* **Material for this exercise**
=== Begin Enclosure ===
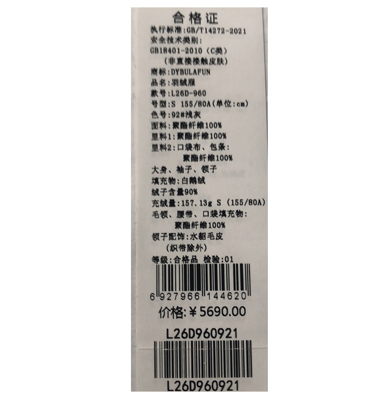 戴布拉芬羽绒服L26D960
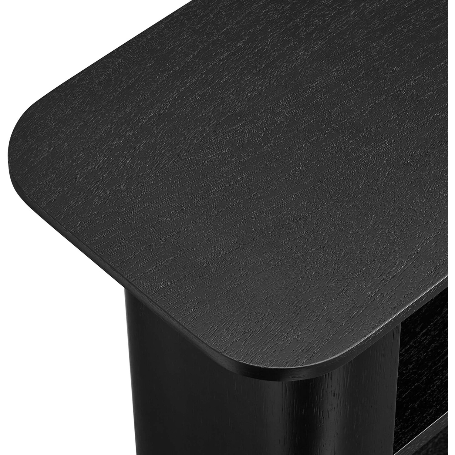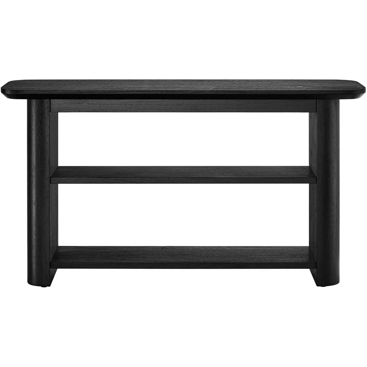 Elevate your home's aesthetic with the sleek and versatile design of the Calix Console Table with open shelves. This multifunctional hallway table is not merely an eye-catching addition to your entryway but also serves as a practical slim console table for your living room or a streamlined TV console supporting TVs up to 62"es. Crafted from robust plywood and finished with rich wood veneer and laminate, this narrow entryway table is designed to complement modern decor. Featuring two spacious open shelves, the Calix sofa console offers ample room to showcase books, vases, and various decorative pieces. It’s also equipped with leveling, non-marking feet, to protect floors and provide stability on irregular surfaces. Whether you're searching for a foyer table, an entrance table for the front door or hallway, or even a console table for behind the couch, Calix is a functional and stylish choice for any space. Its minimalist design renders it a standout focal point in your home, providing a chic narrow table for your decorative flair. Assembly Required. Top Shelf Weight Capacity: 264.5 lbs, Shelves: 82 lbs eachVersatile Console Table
=== End Enclosure ===
=== Begin Enclosure ===
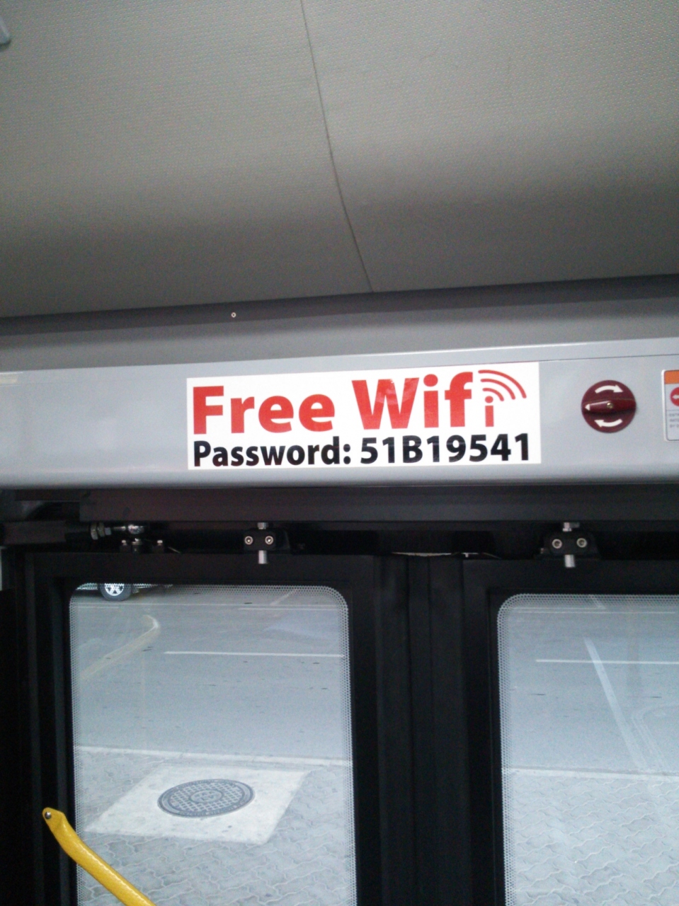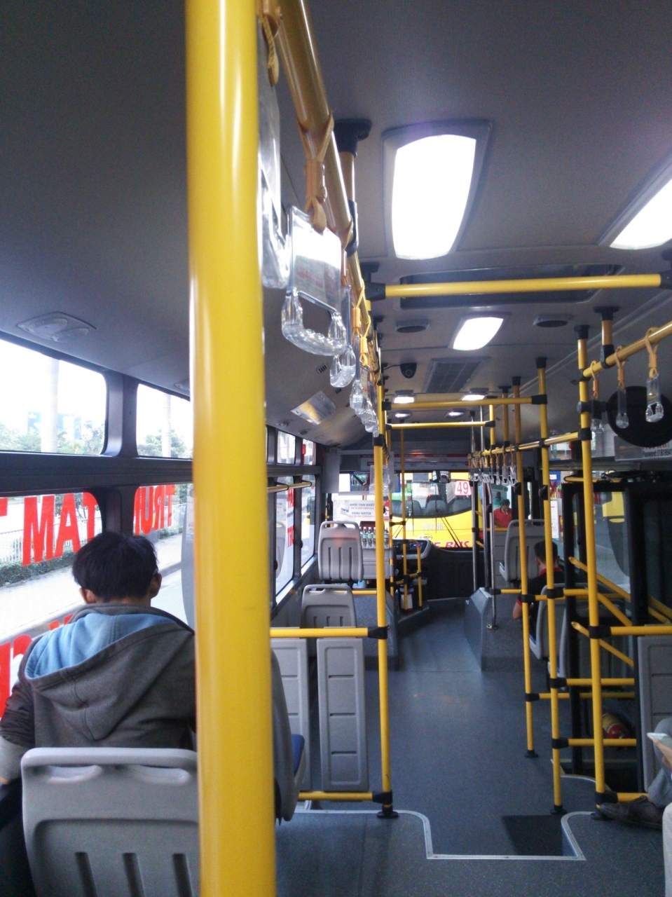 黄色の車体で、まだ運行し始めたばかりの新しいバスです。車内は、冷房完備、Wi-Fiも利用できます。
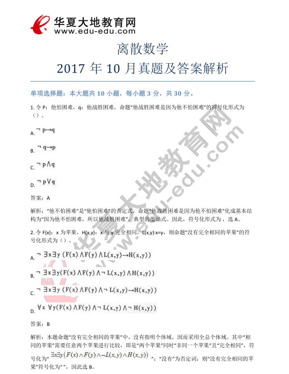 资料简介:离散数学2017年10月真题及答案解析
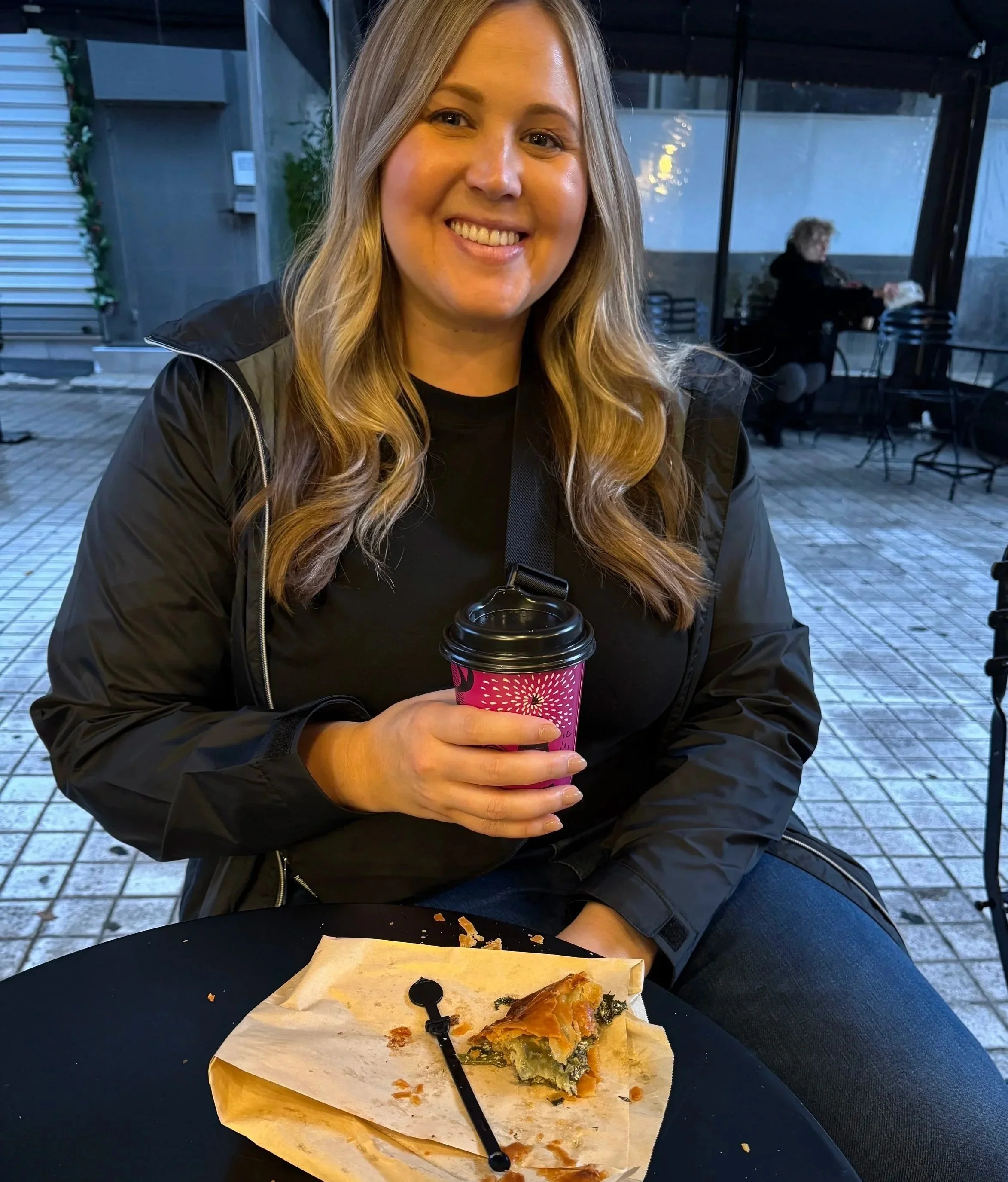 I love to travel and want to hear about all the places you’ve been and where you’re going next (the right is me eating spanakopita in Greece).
=== End Enclosure ===
=== Begin Enclosure ===
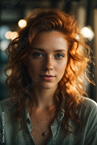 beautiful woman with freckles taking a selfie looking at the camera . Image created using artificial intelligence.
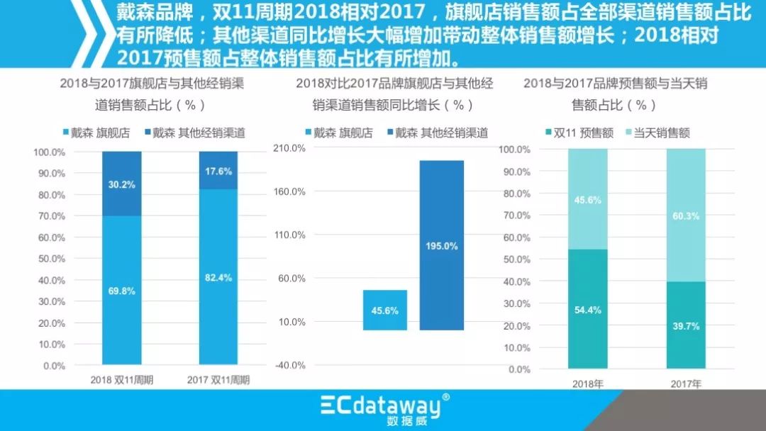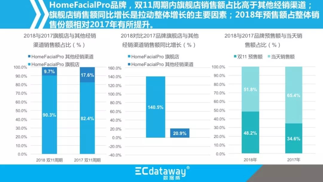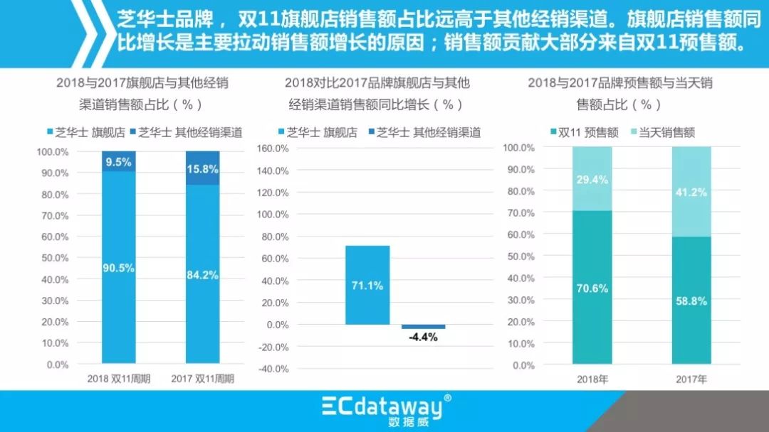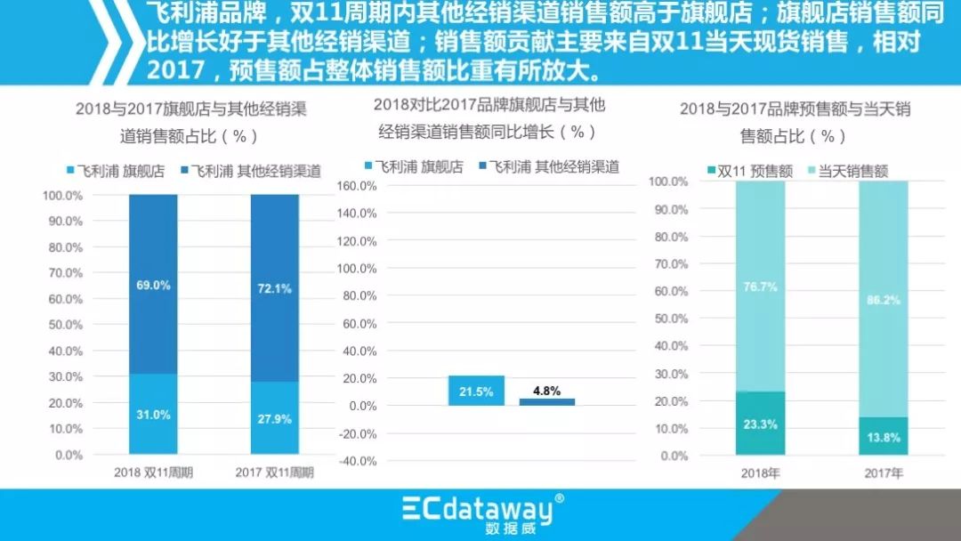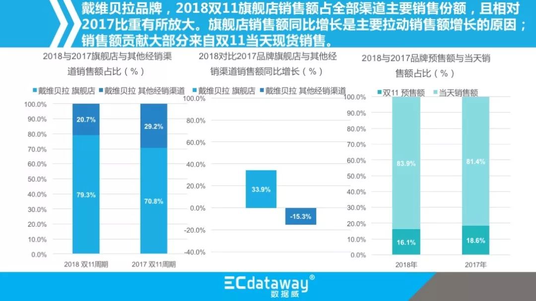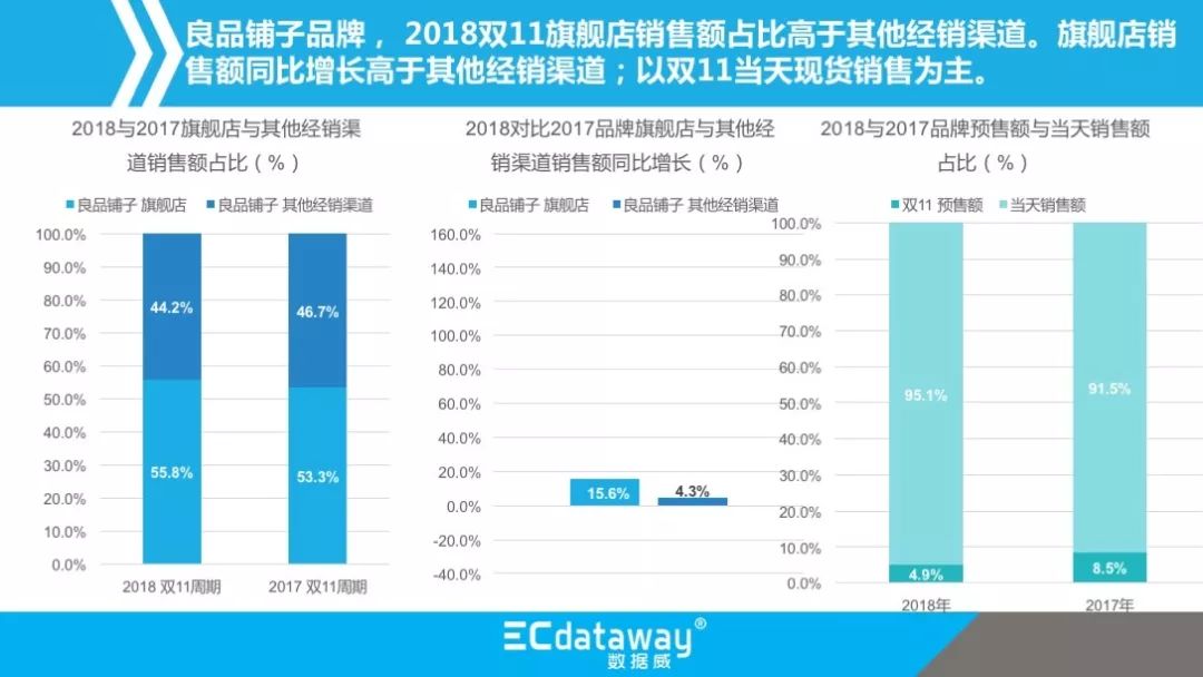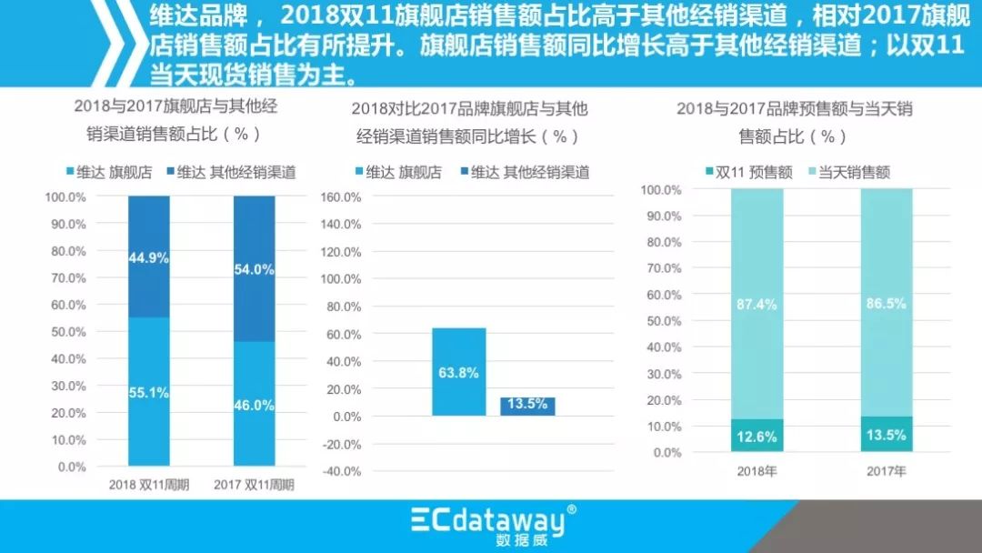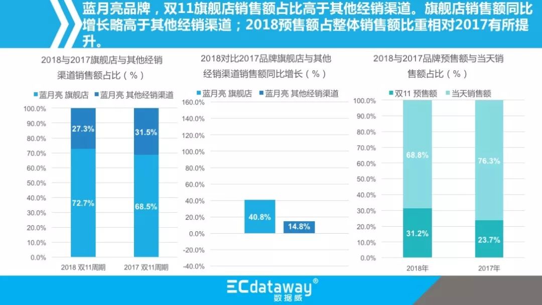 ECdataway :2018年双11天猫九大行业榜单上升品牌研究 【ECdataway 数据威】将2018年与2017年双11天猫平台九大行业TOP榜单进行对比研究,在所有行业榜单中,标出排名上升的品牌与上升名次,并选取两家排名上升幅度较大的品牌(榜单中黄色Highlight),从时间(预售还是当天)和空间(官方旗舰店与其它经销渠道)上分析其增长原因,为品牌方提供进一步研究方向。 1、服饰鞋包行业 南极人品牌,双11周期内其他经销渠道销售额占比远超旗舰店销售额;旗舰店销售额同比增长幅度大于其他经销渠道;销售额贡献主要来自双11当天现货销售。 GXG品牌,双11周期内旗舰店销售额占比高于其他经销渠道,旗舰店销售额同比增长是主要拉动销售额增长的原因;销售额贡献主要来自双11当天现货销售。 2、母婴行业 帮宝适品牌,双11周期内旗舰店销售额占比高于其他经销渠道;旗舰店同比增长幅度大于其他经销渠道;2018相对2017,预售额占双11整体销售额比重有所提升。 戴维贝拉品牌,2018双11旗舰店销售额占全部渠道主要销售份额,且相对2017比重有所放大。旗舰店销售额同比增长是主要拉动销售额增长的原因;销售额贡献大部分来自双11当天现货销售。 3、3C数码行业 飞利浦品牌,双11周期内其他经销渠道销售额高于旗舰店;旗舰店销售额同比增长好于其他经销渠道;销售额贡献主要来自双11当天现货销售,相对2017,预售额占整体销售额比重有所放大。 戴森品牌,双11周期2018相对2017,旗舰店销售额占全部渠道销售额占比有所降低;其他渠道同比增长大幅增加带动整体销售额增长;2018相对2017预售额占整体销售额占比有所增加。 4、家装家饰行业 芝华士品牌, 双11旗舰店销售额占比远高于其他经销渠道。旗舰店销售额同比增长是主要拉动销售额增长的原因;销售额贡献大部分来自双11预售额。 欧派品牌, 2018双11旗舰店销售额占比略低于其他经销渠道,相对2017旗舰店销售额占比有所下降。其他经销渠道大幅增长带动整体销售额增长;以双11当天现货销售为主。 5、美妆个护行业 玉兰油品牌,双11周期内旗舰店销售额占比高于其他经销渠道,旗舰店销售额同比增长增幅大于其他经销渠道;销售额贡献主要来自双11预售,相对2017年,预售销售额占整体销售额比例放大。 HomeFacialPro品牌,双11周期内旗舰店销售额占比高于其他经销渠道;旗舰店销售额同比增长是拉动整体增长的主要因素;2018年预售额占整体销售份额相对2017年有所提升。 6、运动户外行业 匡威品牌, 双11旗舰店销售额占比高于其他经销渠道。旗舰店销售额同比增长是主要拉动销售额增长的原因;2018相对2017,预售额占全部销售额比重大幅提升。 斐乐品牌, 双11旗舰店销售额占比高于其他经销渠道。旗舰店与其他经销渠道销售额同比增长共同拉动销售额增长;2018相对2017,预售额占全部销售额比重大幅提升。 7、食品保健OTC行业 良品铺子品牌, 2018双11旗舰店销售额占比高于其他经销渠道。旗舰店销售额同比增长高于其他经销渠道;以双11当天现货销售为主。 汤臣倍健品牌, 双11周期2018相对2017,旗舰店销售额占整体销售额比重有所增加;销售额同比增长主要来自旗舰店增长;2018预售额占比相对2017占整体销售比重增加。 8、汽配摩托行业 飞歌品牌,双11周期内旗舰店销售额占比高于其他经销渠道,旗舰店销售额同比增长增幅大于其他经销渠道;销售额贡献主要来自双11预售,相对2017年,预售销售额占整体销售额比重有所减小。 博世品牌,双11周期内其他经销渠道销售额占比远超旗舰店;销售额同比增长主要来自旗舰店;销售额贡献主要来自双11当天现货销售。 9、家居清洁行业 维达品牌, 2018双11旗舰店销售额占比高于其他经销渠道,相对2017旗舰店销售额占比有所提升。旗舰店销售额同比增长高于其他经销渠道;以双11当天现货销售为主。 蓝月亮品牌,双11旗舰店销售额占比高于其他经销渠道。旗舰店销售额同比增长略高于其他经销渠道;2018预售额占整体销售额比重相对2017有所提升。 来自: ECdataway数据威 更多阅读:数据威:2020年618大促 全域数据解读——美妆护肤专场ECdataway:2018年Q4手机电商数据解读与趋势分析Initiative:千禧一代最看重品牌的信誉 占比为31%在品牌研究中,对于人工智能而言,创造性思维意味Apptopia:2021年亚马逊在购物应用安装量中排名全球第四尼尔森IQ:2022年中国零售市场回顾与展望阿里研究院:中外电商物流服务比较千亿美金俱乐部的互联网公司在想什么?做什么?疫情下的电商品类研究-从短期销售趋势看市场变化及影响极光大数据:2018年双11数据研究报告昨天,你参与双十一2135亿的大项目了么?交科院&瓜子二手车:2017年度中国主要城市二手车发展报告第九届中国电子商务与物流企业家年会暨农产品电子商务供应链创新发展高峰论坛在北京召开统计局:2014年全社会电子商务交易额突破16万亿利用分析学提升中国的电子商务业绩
=== End Enclosure ===
* **Exercise brief**
Reproduce exactly the lines above starting at the line containing "资料简介:离散数学2017年10月真题及答案解析" and ending at the line containing "I love to travel", including both, but not the pictures.

* **Task solution**
 资料简介:离散数学2017年10月真题及答案解析
 I love to travel and want to hear about all the places you’ve been and where you’re going next (the right is me eating spanakopita in Greece).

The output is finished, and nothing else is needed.